### Your instructions
Below are the records; copy exactly the lines from the first through the one containing "SP-390 vacuum skin", both included, and leave out the pictures.
═══
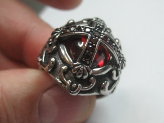 Les modèles diffèrent par l'originalité, orné d'une tête de loup ou symbolisant un dragon. Les bagues avec une plate-forme figurée sont plus souvent choisies par les jeunes.
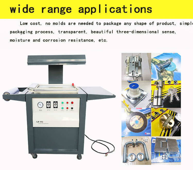 SP-390 vacuum skin packaging machine is widely used in PCB,furniture hardware,screws pack,bamboo products,key chain/badge,ferrite core,lighting products,
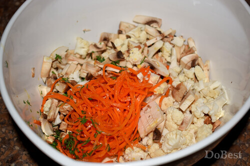 ![]() Zutaten Blumenkohl — nach Geschmack Koreanische Karotten — nach Geschmack Champignons — nach Geschmack Dill — nach Geschmack Schwarzer Pfeffer, gemahlen — nach Geschmack Mayonnaise — nach Geschmack ![]() Zubereitung Blumenkohl und Champignons schneiden. Den Dill hacken. Alles in einer Salatschüssel vermengen. ![]() Schwarzen gemahlenen Pfeffer hinzufügen. Mit Mayonnaise würzen. ![]() Gut vermengen.
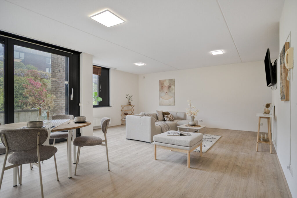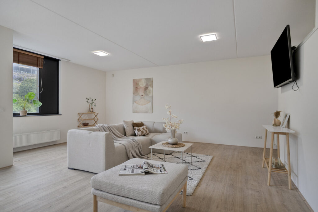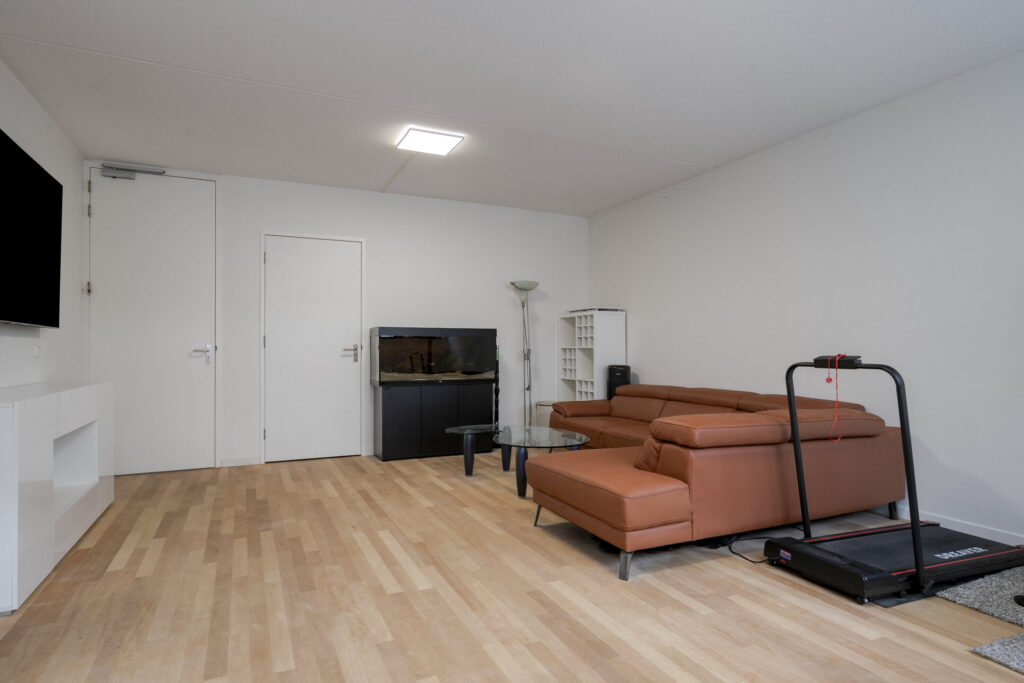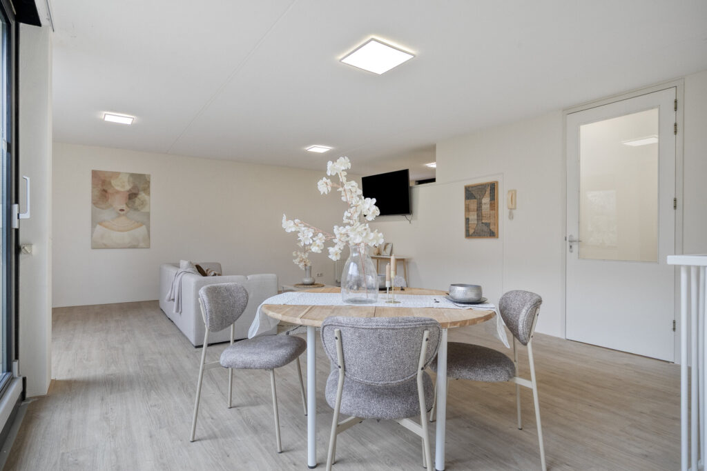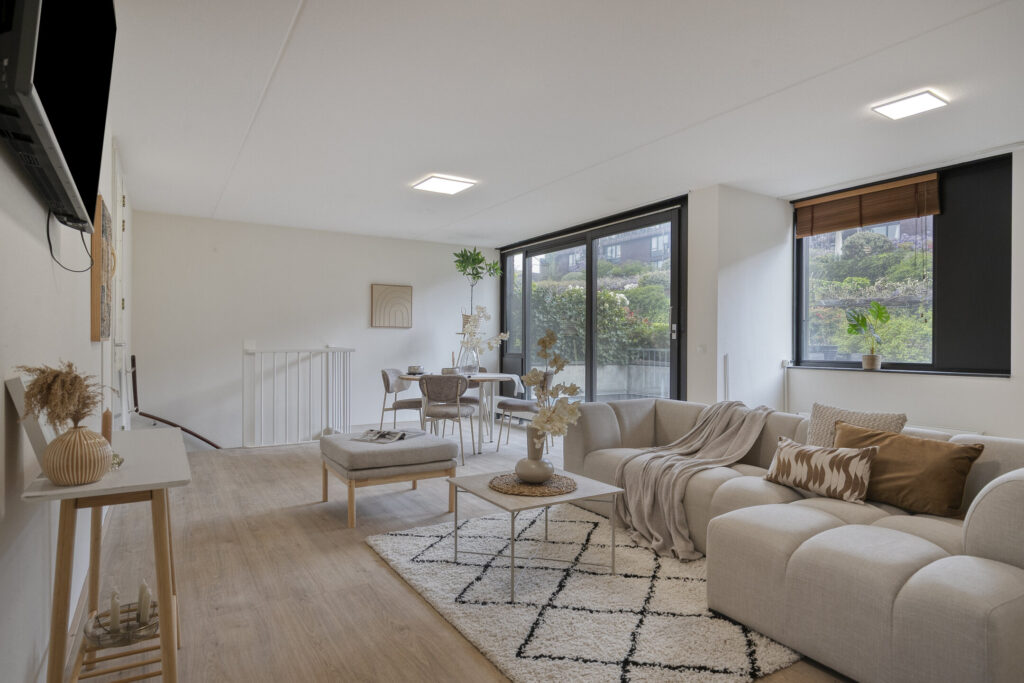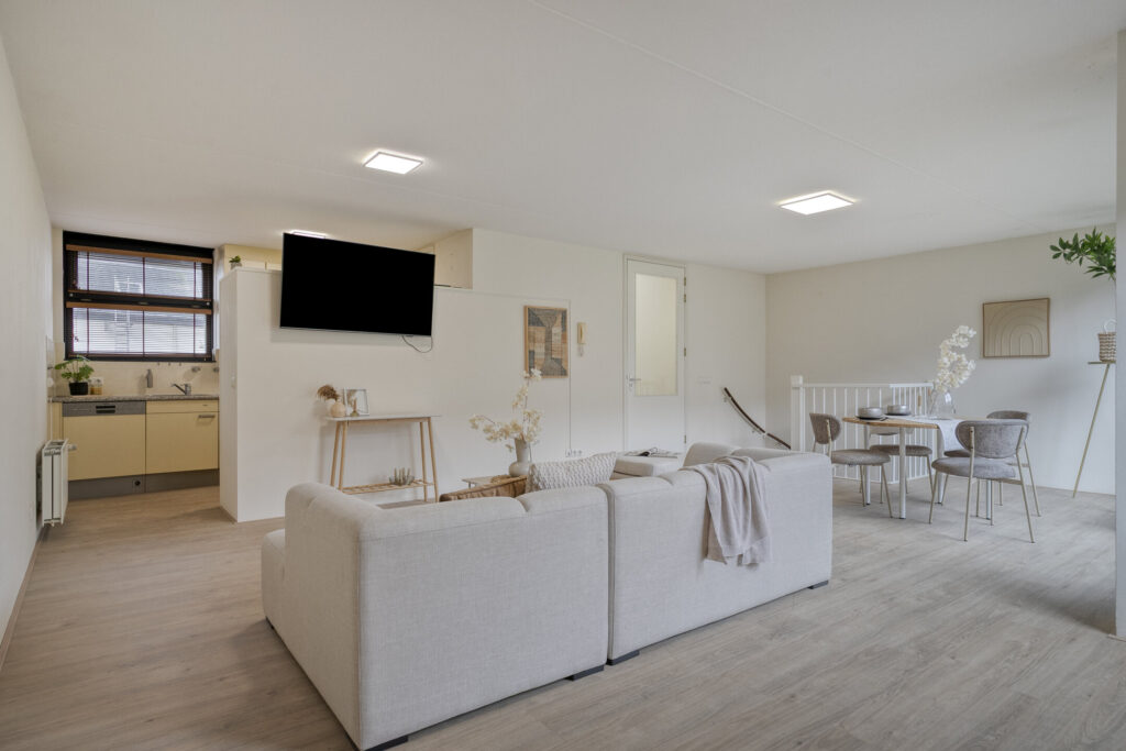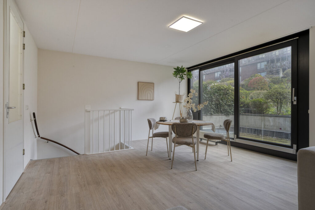 De vaste trapopgang op de eerste verdieping kom je uit in de open woonkamer op de tweede verdieping. De royale woonkamer beschikt over een ruim eetgedeelte aan de voorzijde en een sfeervol zitgedeelte aan de achterzijde. Een grote schuifpui leidt naar het een fijn dakterras. Via een portaal aan de voorzijde bereik je de toiletruimte, voorzien van wandcloset en fonteintje.
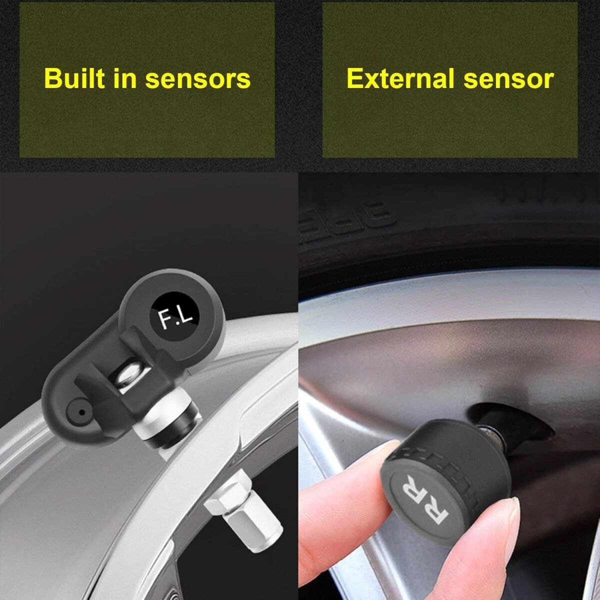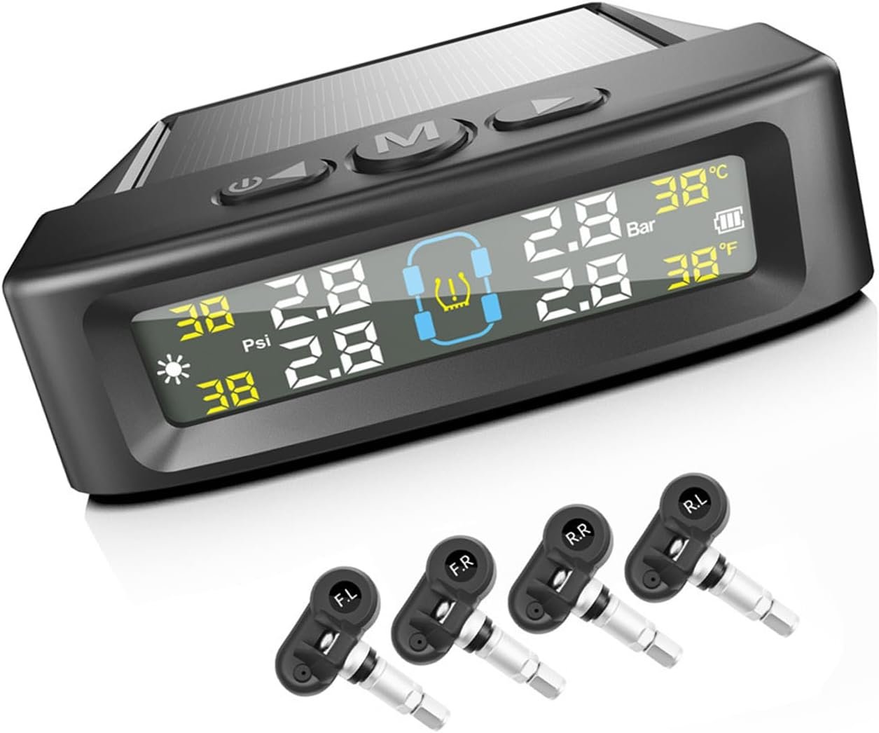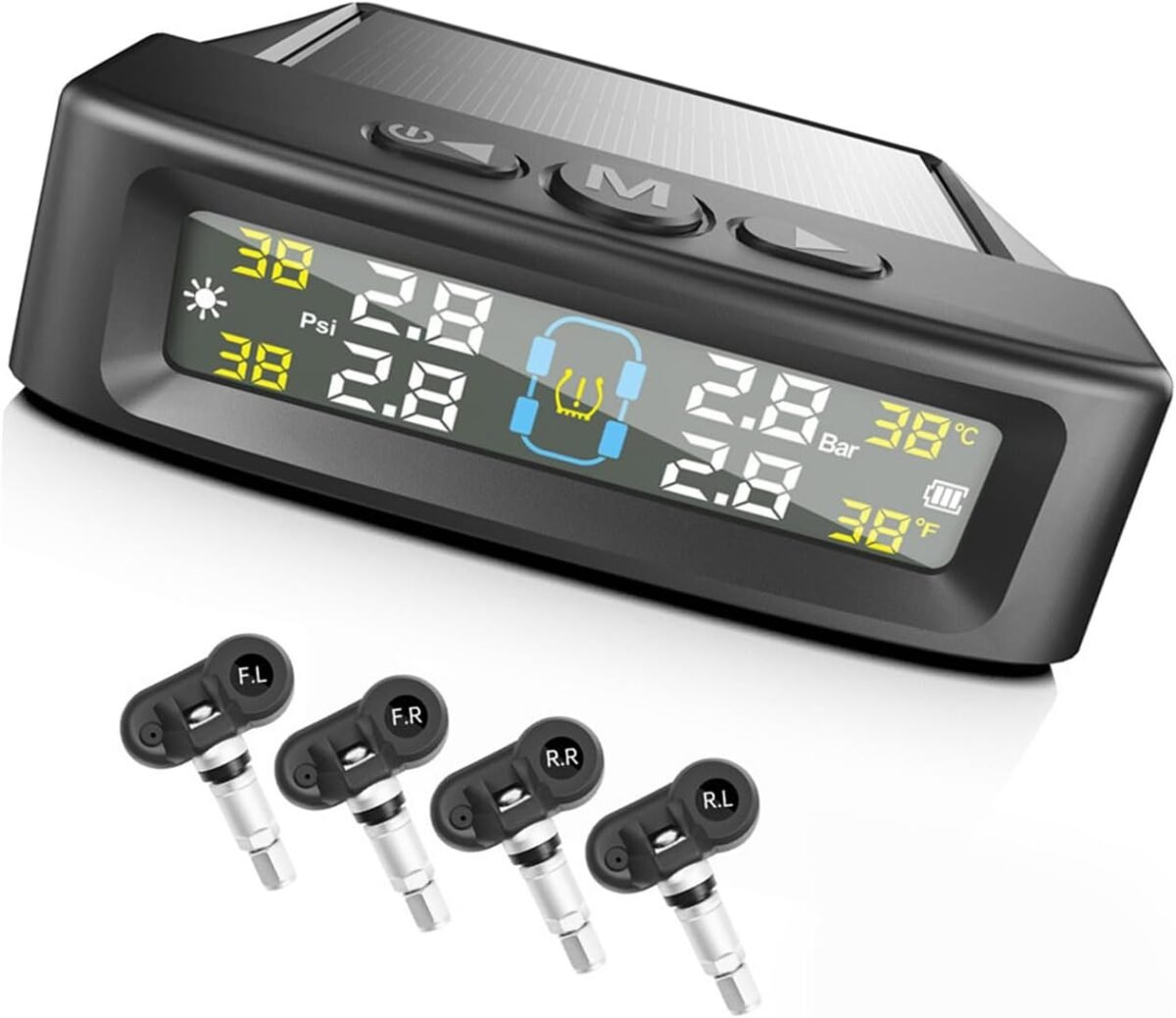 WATERBELINE TPMS Système d’alarme de pression des pneus de voiture 4 capteurs Affichage solaire Avertissement de pression des pneus de température
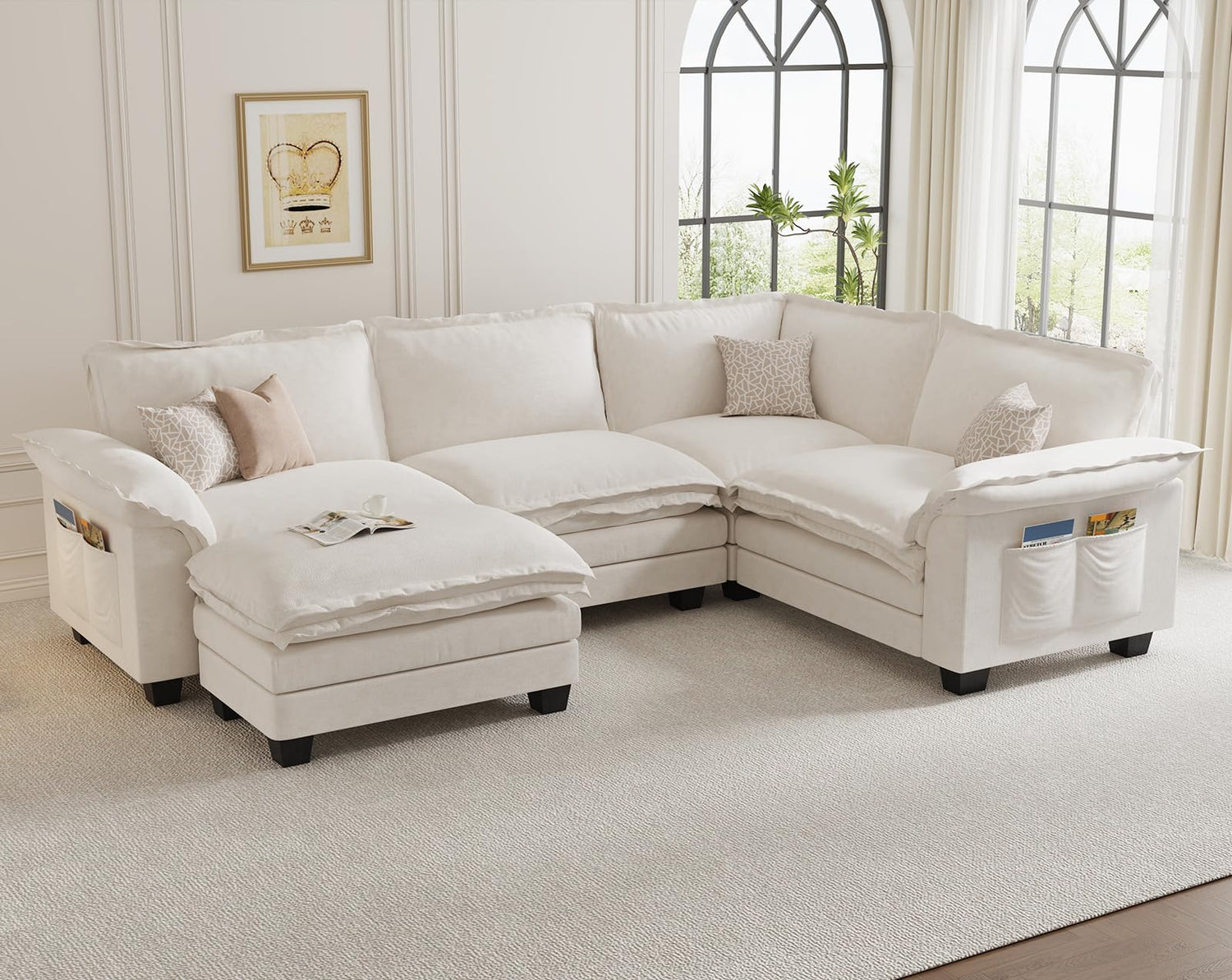 KKL J-Shaped Modular Sectional Sofa, 5 Seater Cloud Couch with Ottoman, Chenille Sectional Couches for Living Room, Apartment, Beige
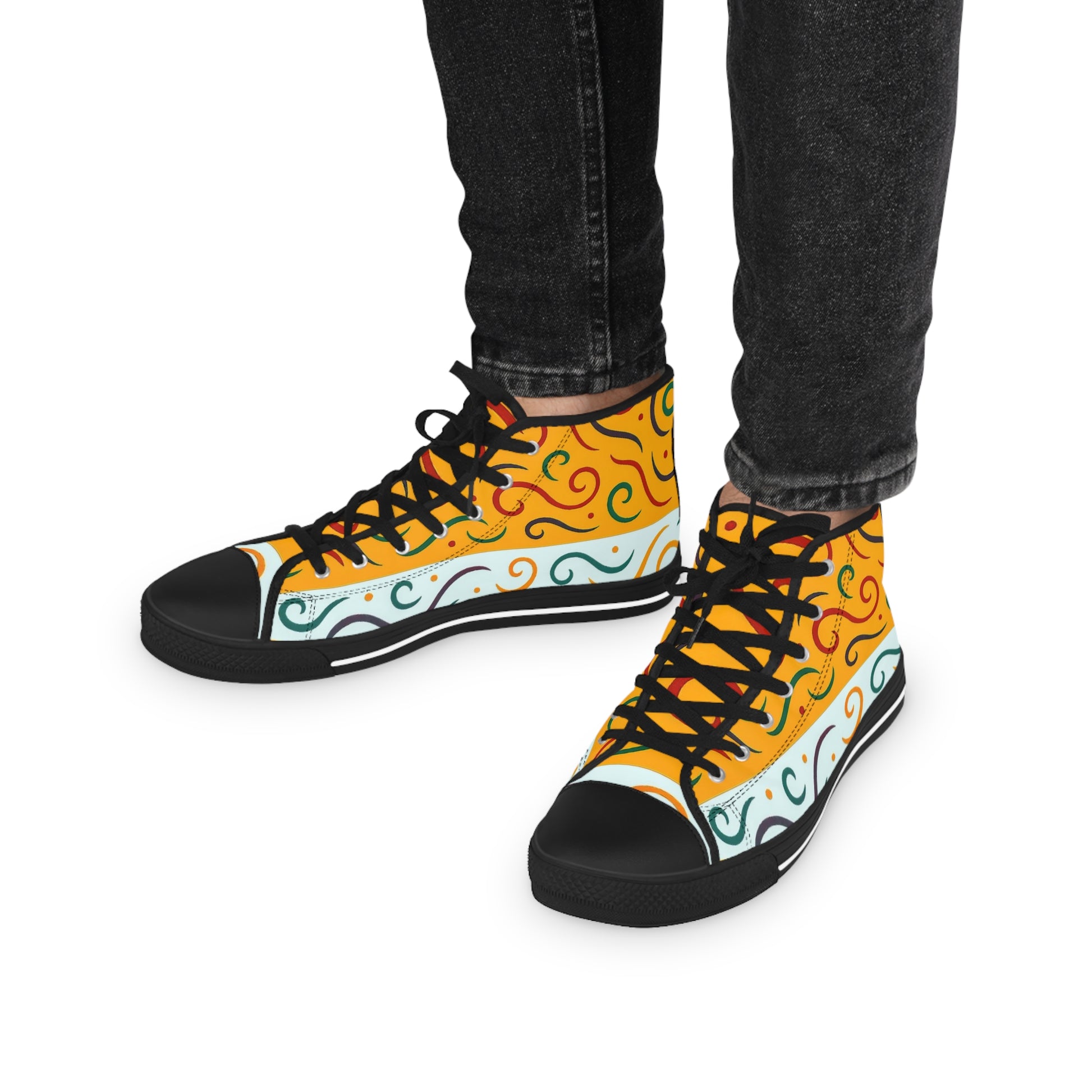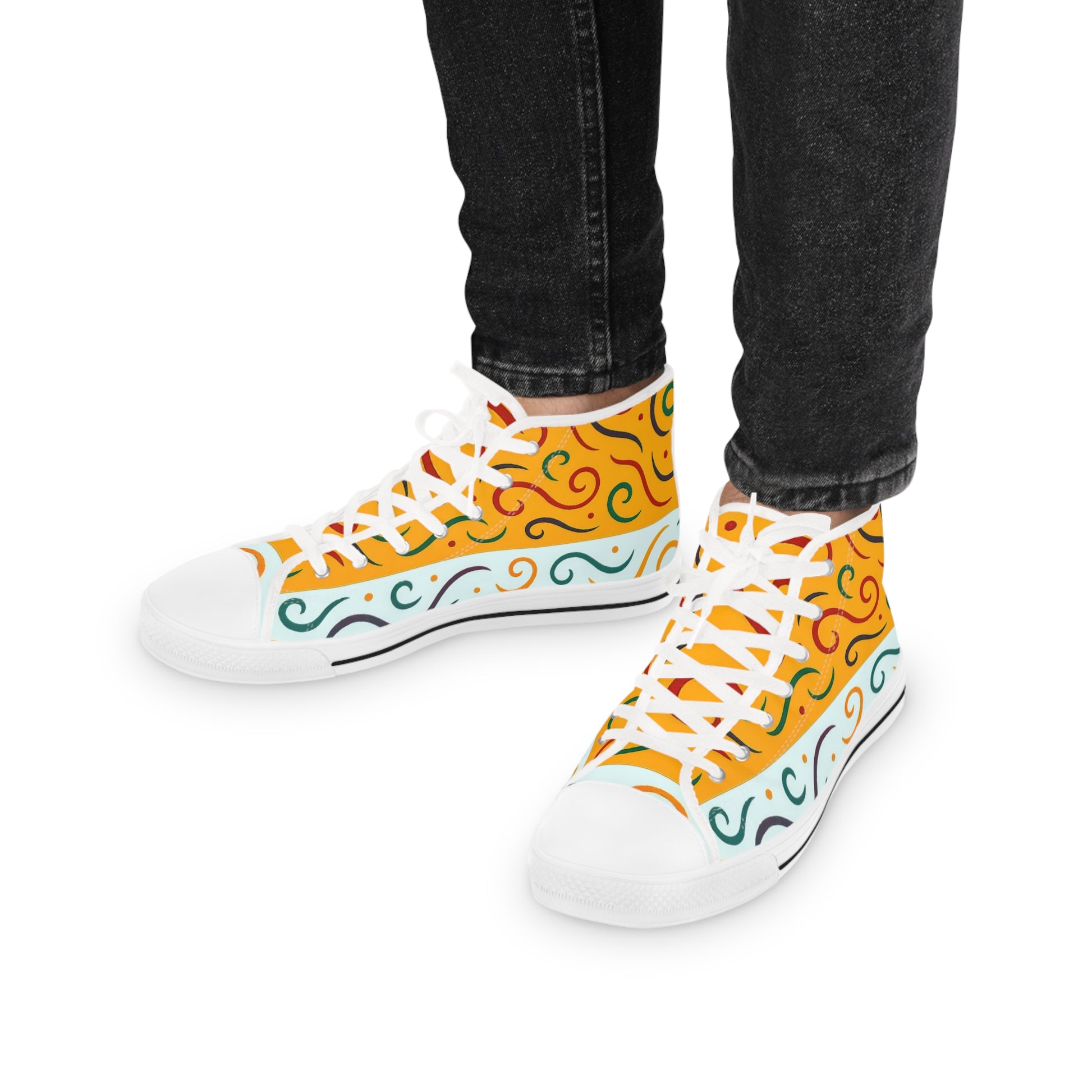 Introducing these vibrant Men's High Top Sneakers, designed to elevate your style with a splash of personality. Crafted from high-quality, breathable polyester canvas, these sneakers ensure all-day comfort with a soft and flexible fit. The unique full wraparound print adds a cheerful touch, making them perfect for casual outings or laid-back days at home. Great for trendsetters and those who love to express themselves through fashion, these sneakers are a must-have for young adults and anyone looking for a fun footwear option. Ideal for music festivals, casual gatherings, or just hanging out with friends, they add a fun vibe to any wardrobe. Perfect for gifting during holidays, such as birthdays, Christmas, or even summer celebrations!
═══
### Solution to the exercise
 Les modèles diffèrent par l'originalité, orné d'une tête de loup ou symbolisant un dragon. Les bagues avec une plate-forme figurée sont plus souvent choisies par les jeunes.
 SP-390 vacuum skin packaging machine is widely used in PCB,furniture hardware,screws pack,bamboo products,key chain/badge,ferrite core,lighting products,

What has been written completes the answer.